This repository is being deprecated. Project documentation has moved to the Airship Docs project, and Airship-in-a-Bottle environment will be merged into the Airship Treasuremap project.

Getting Started for Airship Developers

Airship uses many foundational concepts that should be understood by developers wanting to get started. This documentation attempts to provide a survey of those topics.


  • Containers/Docker
  • RESTful APIs
  • YAML
  • Security


Airship is, at its core, intended to be used in a containerized fashion. Dockerfile resources exist in each of the project repositories that are used by the build process to generate Docker images. Images are hosted on quay.io under airshipit.

Each main component is responsible for generating one or more images (E.g.: Shipyard produces a Shipyard image and an Airflow image).

When running, nearly every aspect of Airship runs as a container, and Airship (primarily Promenade + Armada) sets up many of the other foundational components as containers, including many Kubernetes components, etcd, Calico, and Ceph.

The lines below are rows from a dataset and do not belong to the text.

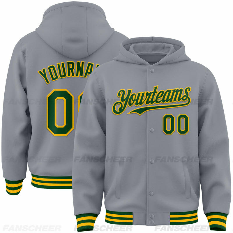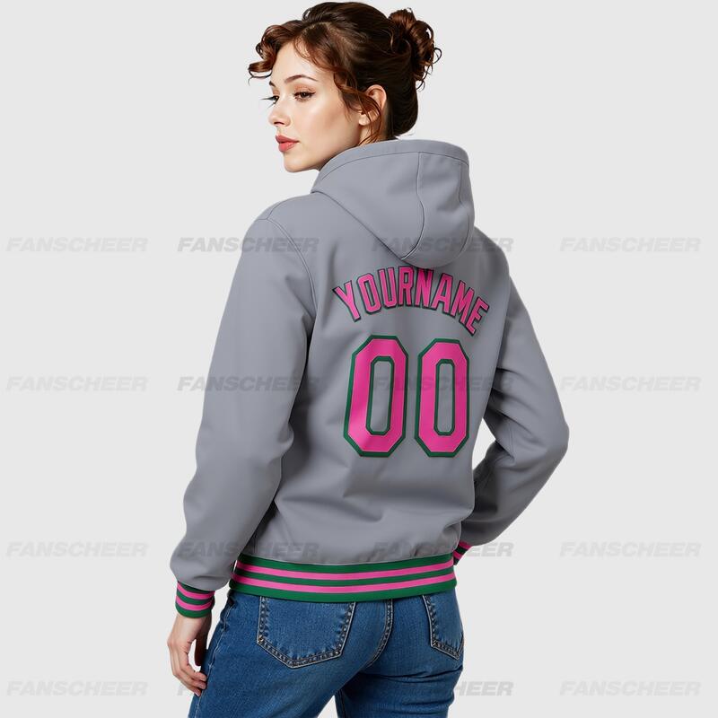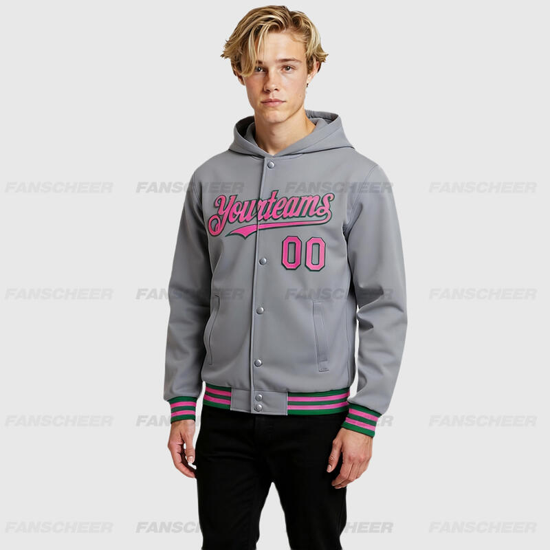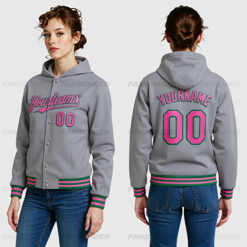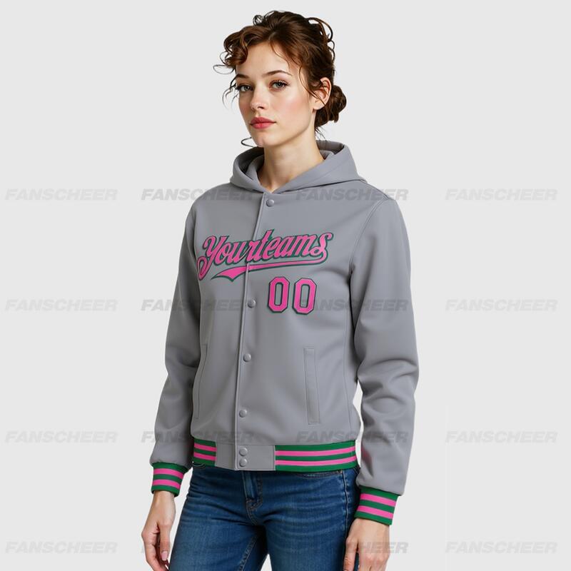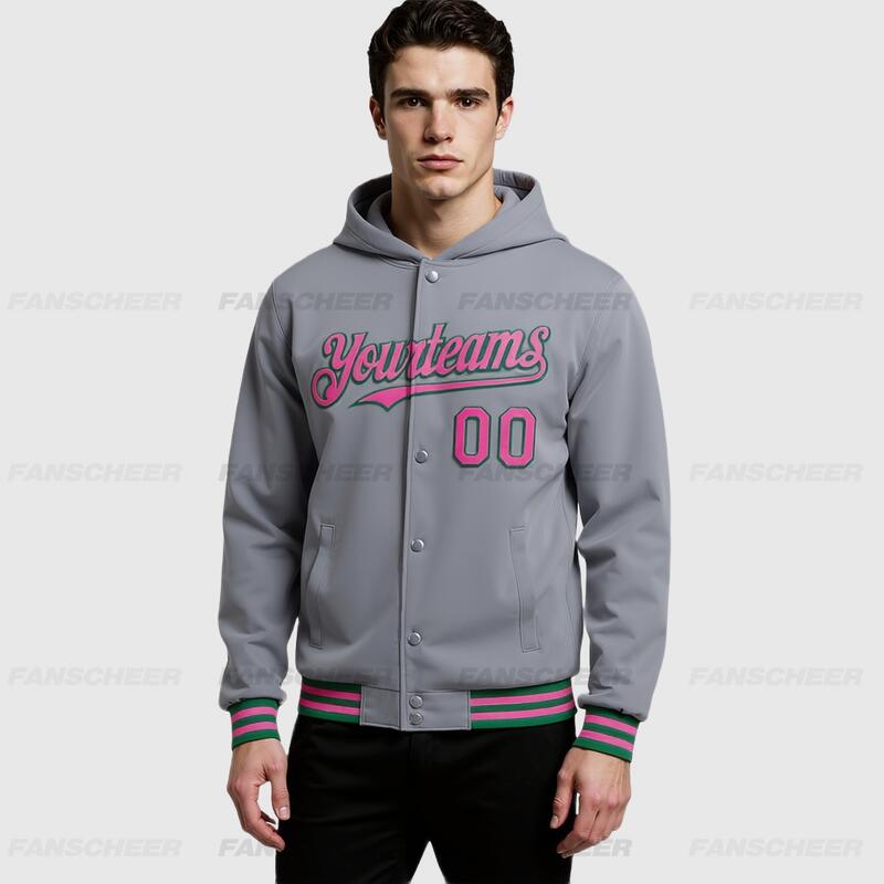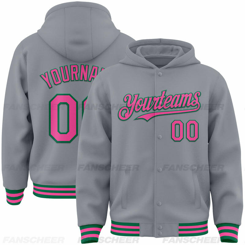 Custom Hoodie Jacket Gray Pink-Kelly Green Bomber Full-Snap Varsity Letterman Hoodie Jacket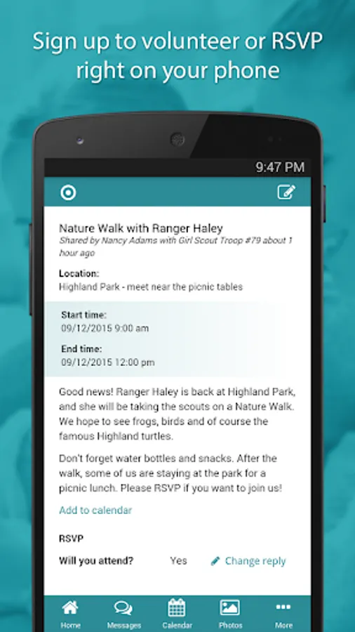 INTEGRATED VOLUNTEER SIGNUPS. Simple volunteer features are included right in the SimplyCircle platform, so you don’t have to manage your group communications across multiple different services. Group members can sign up to volunteer with one click of a button, right from their phone.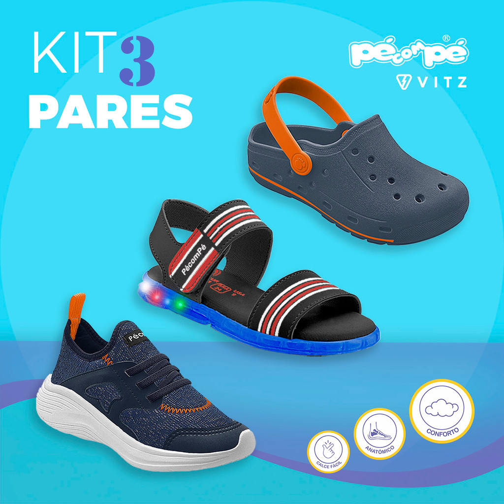 Esse kit exclusivo reúne três opções de calçados infantis que unem estilo, conforto e praticidade para acompanhar todas as aventuras das crianças. A sandália vem com solado que acende luzes coloridas a cada passo, trazendo diversão e segurança com tiras ajustáveis e design moderno. Já o tênis oferece um visual esportivo com cabedal respirável, elástico que facilita o calce e solado leve que garante liberdade nos movimentos. Completando o trio, o babuche é versátil e prático, perfeito para momentos de lazer e brincadeiras, trazendo ventilação estratégica e tiras traseiras que oferecem mais firmeza. Juntos, esses três modelos formam um kit que atende diferentes momentos do dia a dia, unindo conforto, praticidade e estilo para os pequenos explorarem o mundo com alegria. *** ATENÇÃO *** Gentilmente solicitamos, sempre antes da compra, conferir as medidas na tabela abaixo conforme o comprimento do pé da criança. COMO MEDIR: Desenhe o pé da criança em uma folha, risque na posição do começo do calcanhar, e na frente do dedão e utilize a medida entre os dois. TABELA DE MEDIDAS: TÊNIS--Medida(cm) Nº 23--14.8 cm Nº 24--15.5 cm Nº 25--16.2 cm Nº 26--16.8 cm Nº 27--17.5 cm Nº 28--18.2 cm PAPETE--Medida(cm) Nº 23--15.3 cm Nº 24--16.0 cm Nº 25--16.7 cm Nº 26--17.3 cm Nº 27--18.0 cm Nº 28--18.7 cm BABUCHE--Medida(cm) Nº 23/24--16.0 cm Nº 25/26--17.3 cm Nº 27/28--18.7 cm *** PÉ COM PÉ - CONCEITOS DE MENINOS E MENINAS *** A Pé com Pé é uma Marca especializada em calçados infantis masculinos e Femininos. A marca projeta através de suas coleções uma criança moderna, atual e com personalidade. Tudo seguindo as tendências internacionais de moda e com combinações de cores incríveis! Nossos produtos têm design exclusivo e perfeito ajuste aos pés das crianças, garantindo conforto e bem estar. A combinação de looks com os calçados Pé com Pé garantem muito mais charme e elegância para quem já é um príncipe ou princesa para a família. Qualidade comprovada em cada detalhe! Nossa marca está passo a passo com os sonhos das crianças! Qualquer dúvida entre em contato conosco. Estamos à disposição!

Each Airship component that runs as a service provides a RESTful API. Some API Conventions exist explaining the basic format of requests and responses and required endpoints that are exposed, such as health check and and design validation.


The YAML document format is used along with JSON Schema to define the declarative site and software design inputs to the Airship components.


Security is a consideration from the ground-up for Airship components. Some technologies in this space are TLS and Keystone auth. Airship APIs are protected by RBAC policies implemented with oslo.policy (with some exceptions for basic health checking and listing of API versions). Keystone middleware serves as a layer in the pipeline of service layers for each component, providing lookup of authenticated users, resolving their roles, which are then checked. Access enforcement is within the Airship components, using a decorator for each API that requires limited access.


  • Helm
  • Kubernetes
  • Linux


Airship components are deployed into Kubernetes using Armada, which in turn uses the Tiller component of Helm. Helm charts are used to generate the Kubernetes artifacts (deployments, jobs, configmaps, etc...).


Airship is thoroughly intertwined with Kubernetes:

  • Airship depends on Kubernetes as the orchestrator of the containers that make up the platform.
  • Airship sets up a single node Kubernetes instance during the Promenade genesis process, with the necessary configuration to become the seed of a resilient Kubernetes cluster during later stages of Airship.
  • Airship's components run as containers inside the Kubernetes cluster.


Airship is targeted to a Linux platform. There are significant elements of Airship that use shell scripts to drive processes.


Further information is available in Code and Project Conventions.

Airship is primarily a combination of Python 3 and shell scripting. There are several Python libraries that are used in common across many components:

  • Falcon: A service framework providing the API endpoints.
  • uWSGI: The service container.
  • oslo_config: Provides per-deployment, configuration file configurability.
  • oslo_policy: Provides RBAC support for API endpoints (and more).
  • Requests: A framework for making HTTP requests and receiving responses.
  • Click: A CLI framework used to provide component-level Command Line Interfaces.

Each component also brings in their own dependencies as needed.


Several of the Airship components require some data persistence. Some data persistence is achieved by utilizing Kubernetes provided mechanisms, and the Keystone software uses a MariaDB instance, but most is accomplished using a containerized PostgreSQL database.

Interaction with PostgreSQL uses the following:

  • SQLAlchemy: A python library providing most of the needed database functionality.
  • Alembic: Version management for database schemas and data.
  • oslo_db: An OpenStack layer providing additional functionality over SQLAlchemy.


  • Unit
  • Functional
  • Integration

Unit and functional tests are used in the gating of changes before merging code. Unit tests utilize combinations of pytest and stestr. Functional tests utilize Gabbi. These tools are not exclusive of others, but are the primary tools being used for unit and functional tests.

Integration testing is orchestrated in the merge gates, and uses various means of testing.